The flowers are very small, white, in dense, axillary whorls; at the base of each flower are two small, subulate bracts. The corolla is campanulate, 4-cleft, the tube as long as the calyx, upper segment broadest, and emarginate. The calyx is tubular, 4-cleft, longer than the achenia. Stamens 2, distant, diverging, and simple; anthers erect and bilobed; ovary superior and 4-angled; style straight and slender; stigma bilobate; achenia 4, smooth, obovate, obliquely truncate at apex, compressed, and margins thickened.

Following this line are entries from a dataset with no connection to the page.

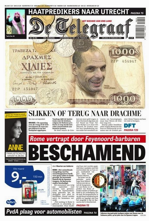 «Καταπιείτε το ή γυρίστε πίσω στη δραχμή», γράφει το σημερινό πρωτοσέλιδο της ολλανδικής εφημερίδας De Telegraaf.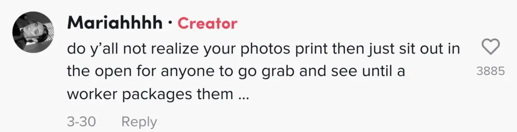 In a follow-up comment on the post, the CVS worker adds: "do y’all not realize your photos print then just sit out in the open for anyone to go grab and see until a worker packages them."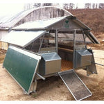 Il pollaio può essere accessoriato con un gancio traino per poter agganciato a mezzi d'opera per il trasporto nelle aree di allevamento.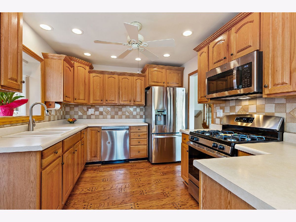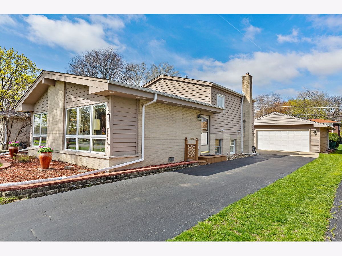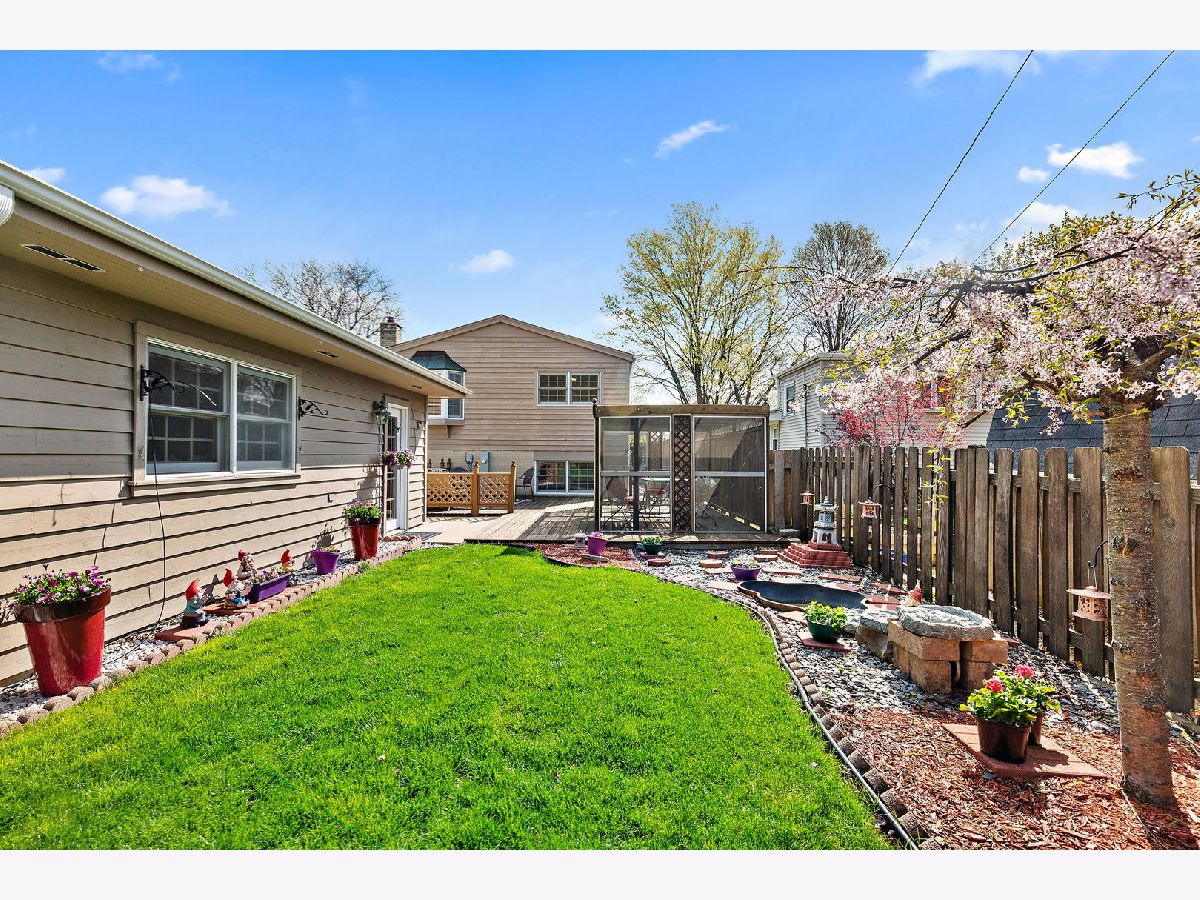 Well-maintained split-level home on a quiet tree-lined street. Floor to ceiling windows in the living & dining room allowing lots of natural light. Vaulted ceiling with wood beams. Foyer & kitchen with hardwood floors. Updated kitchen w/ beautiful wood cabinets, ceramic tiled backsplash, garden window, built-in pantry cabinet, & recessed lighting. Stainless steel appliances featuring a brand-new oven, refrigerator 2 years old, & microwave 1 year old. You are going to love the family room featuring a gas log fireplace, wine cooler, & recessed lighting. The lower level also offers a full bathroom & laundry room with storage, utility sink, washer is 1 year old, & folding table. Upstairs you will find spacious bedrooms & updated bathroom with new window. Enjoy relaxing & entertaining in the fenced-in backyard featuring a deck with screened area, beautiful landscaping, & pond. 2.5 car garage with storage area. Furnace/ AC new in 2016. Concrete crawl space. Just minutes to downtown Arlington Heights.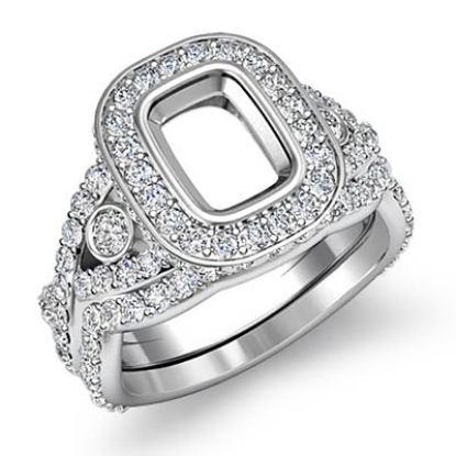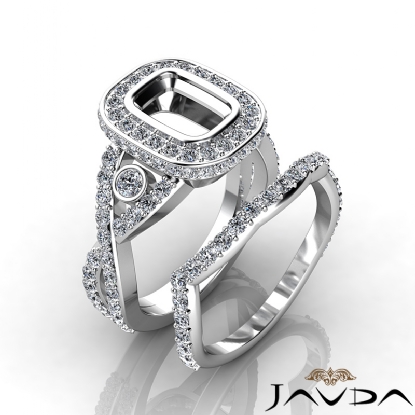Cushion Diamond Engagement Pave Ring Bridal Sets Platinum Setting (2.1Ct. tw.)

History.—Lycopus belongs to a class of perennial herbs somewhat resembling the mints, but lacking their aroma and having but 2 perfect stamens. It is found growing in almost all parts of the United States, being very common, and preferring moist, shady places, showing particular fondness for wet, boggy soils. It grows from 6 to 18 inches in height, and, like most labiate plants, has a straight, smooth, square stem (obtusely 4-angled), with concave sides, supporting opposite, oblong, ovate or lanceolate, serrately-toothed leaves, having on their under surface small, glandular dots. The entire plant is smooth and the stem occasionally sends off long, slender runners. The flowers, which appear in midsummer (July and August), are very small, and arranged in dense, axillary whorls, or capitate clusters of a white color. The whole plant has an agreeable, yet peculiar balsamic, terebinthinate odor, and to most persons, a disagreeable, slightly bitter, balsamic taste. Its virtues are supposed to depend upon a volatile oil and tannin.

the entire plant

We have evidence that this plant was used early in the present century as a medicine. Schoepf, Ives, and Zollikoffer mention it. In 1828, Rafinesque, whose works were prominently recognized by the early Eclectics, notwithstanding the many liberties he took in his writings on scientific subjects, gave the best account of its introduction into medicine. He wrote of it that it was an excellent sedative, subtonic, subnarcotic, and subastringent. He further states that it is described as partaking of the properties of digitalis, sanguinaria, cimicifuga, and spigelia; but it is neither diuretic nor anthelmintic, and is rather one of the mildest and best narcotics in existence." The same author claimed "it acts somewhat like digitalis without producing any of its bad effects or accumulating in the system." He complains that volumes have been written on fox-glove, a rank poison, while this excellent substitute has been allowed to pass almost unnoticed.